# My GDA battle



## IUnknown (Feb 24, 2004)

So I decided to take the Barr approach to fighting my GDA. I've let the tank sit for over a month. Rather than the algae turning brown and flaking off, it all turned into a green spot type algae. Maybe it turned brown and died and the green spot algae grew over it? When I scrapped it off, the GDA was very hard to scrape off. Scrapping off the top layer I think revealed the brown dead GDA. I used both a diatom filter and UV filter to take care of any GDA that could be free floating. Now I need to wait a week to see if it comes back.


----------



## hoppycalif (Apr 7, 2005)

It appears to me that there are two ways (at least) for fighting GDA. One is the "life cycle" way - let it grow unmolested for 2-3 weeks, then scrape if off. Another is the intensive care method - very carefully wipe it off, keeping as near zero of it from going into the water as is possible, and do this every day for 3 or 4 days, always followed by a big water change, followed by 1.5X dose of post water change Excel and fertilizer dosing. My last bout, just finished a week ago I did both, with a 3 day blackout in between them. So far, knock on wood, no green haze has returned.


----------



## IUnknown (Feb 24, 2004)

Well it came back. Usually the GDA appears lightly by Wednesday. This time it appeared on Friday. Did the same things, cleaning with UV and diatom filter. We'll see what happens.


----------



## Cavan Allen (Jul 22, 2004)

What is your lighting period and nutrient levels? I've never described the approach you described, but I did get rid of it by fixing those issues.


----------



## banderbe (Nov 17, 2005)

I found higher levels of nitrate seemed to result in less GDA.. but I have never been able to stop it entirely.. I figure it's part of life in the hobby.. it's the only algae I never have been able to stop.. so I just scrape it off every couple weeks.

I tried the Barr method.. didn't work at all. But it has definitely worked for some folks..
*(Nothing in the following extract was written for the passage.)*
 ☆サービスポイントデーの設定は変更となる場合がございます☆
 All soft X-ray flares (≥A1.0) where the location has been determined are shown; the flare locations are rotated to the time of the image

The thing with Tom's method is it doesn't make any sense. I understand about letting it mature, and slough off the glass after it's gone through its life cycle, but how in the world is that supposed to stop other spores that settle into the water a week, a month or a year later? Nobody has explained that part. It seems that the GDA would have to 'mark its territory' in some way so other younger spores looking for a place to set up shop would somehow know not to pick your glass as a home. If someone can explain that part lay it on me..


----------



## Cavan Allen (Jul 22, 2004)

> I figure it's part of life in the hobby..
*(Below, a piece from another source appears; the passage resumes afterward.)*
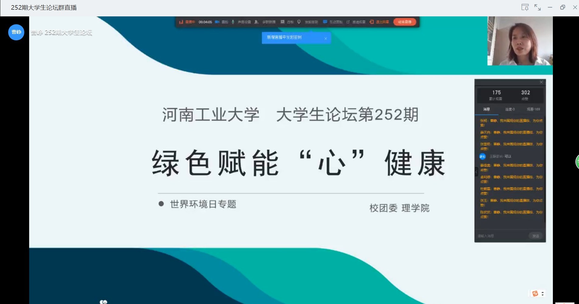 承办的主题为“绿色赋能‘心’健康”的世界环境日专题讲座,第252期大学生论坛在钉钉直播平台成功举办。活动旨在推进我校绿色学校建设进程,进一步丰富绿色学校文化内涵,强化大学生心理健康教育,帮助大学生营造健康的心理生态系统。此次论坛邀请我校全国百佳心理委员李周晋达、徐慧雅、李梦瑶进行汇报。校团委副书记鲍庆丹、社团部部长李凯歌,足球下注网站

Not at all. Once you get a handle on it, it's easy to get rid of and prevent. In my experience, an excessive lighting period and either too much or too little nitrate can bring it on.


----------



## AMP (Nov 11, 2006)

Cavan Allen said:


> Not at all. Once you get a handle on it, it's easy to get rid of and prevent. In my experience, an excessive lighting period and either too much or too little nitrate can bring it on.
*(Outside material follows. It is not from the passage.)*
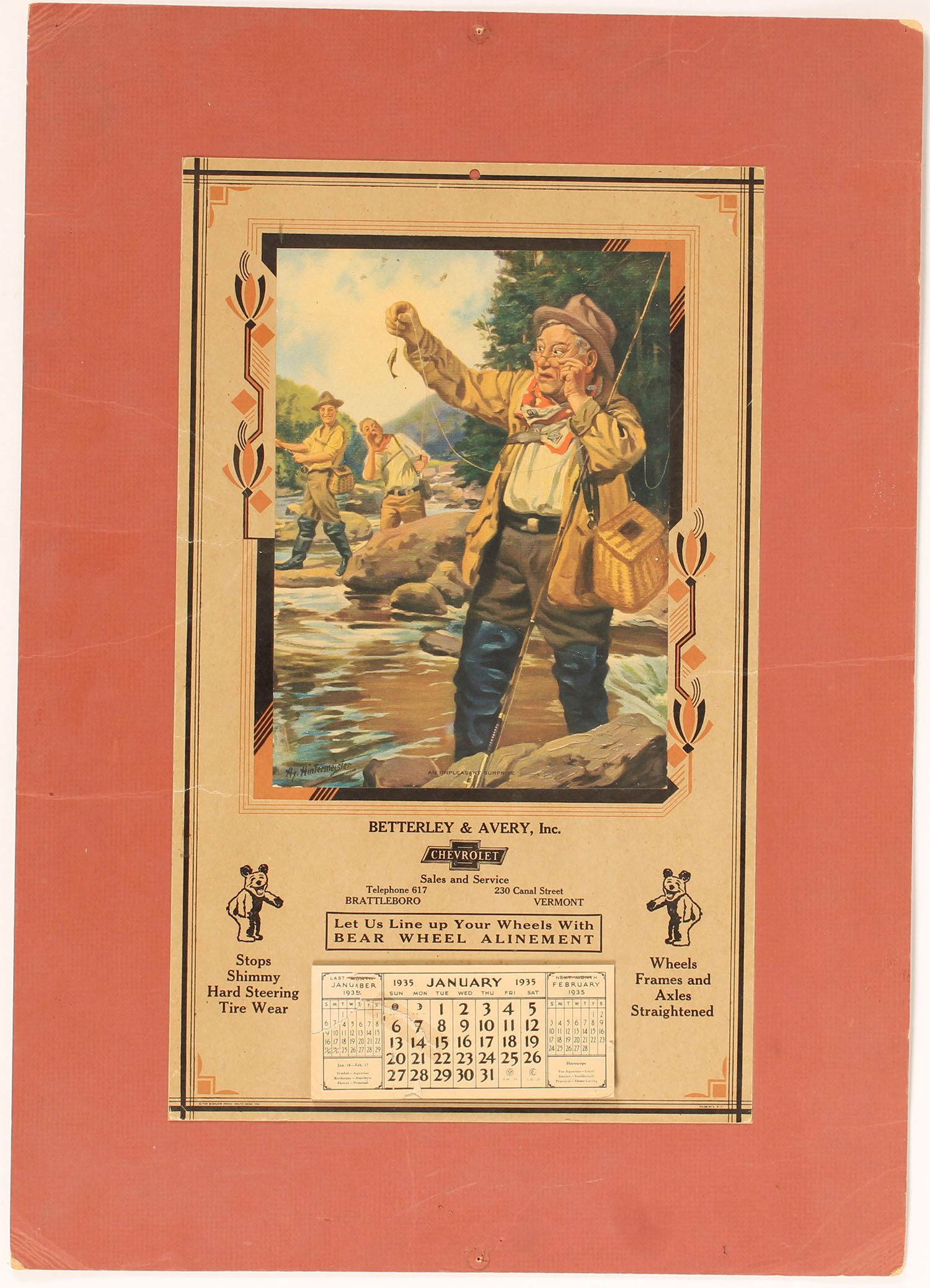1935 Hy Hintermeister calendar, 10'' x 17'', matted. Grade: Very Good ++ - Value: 10 to 50

Interesting Theory, I do not have it as bad as in the Picture above, But I do have a Light tinge in the tank, Bi Weekly Water Changes for me are helping it plus scraping it off the tank helps control it, But does not get rid of it.

The Double Dosing of Excel helps as well, I have talked with three aquatic Plant persons who have successful Fully Planted tanks, and I have to agree with the above Light Management seems to be the key to controlling it as well as with the regime I have been doing.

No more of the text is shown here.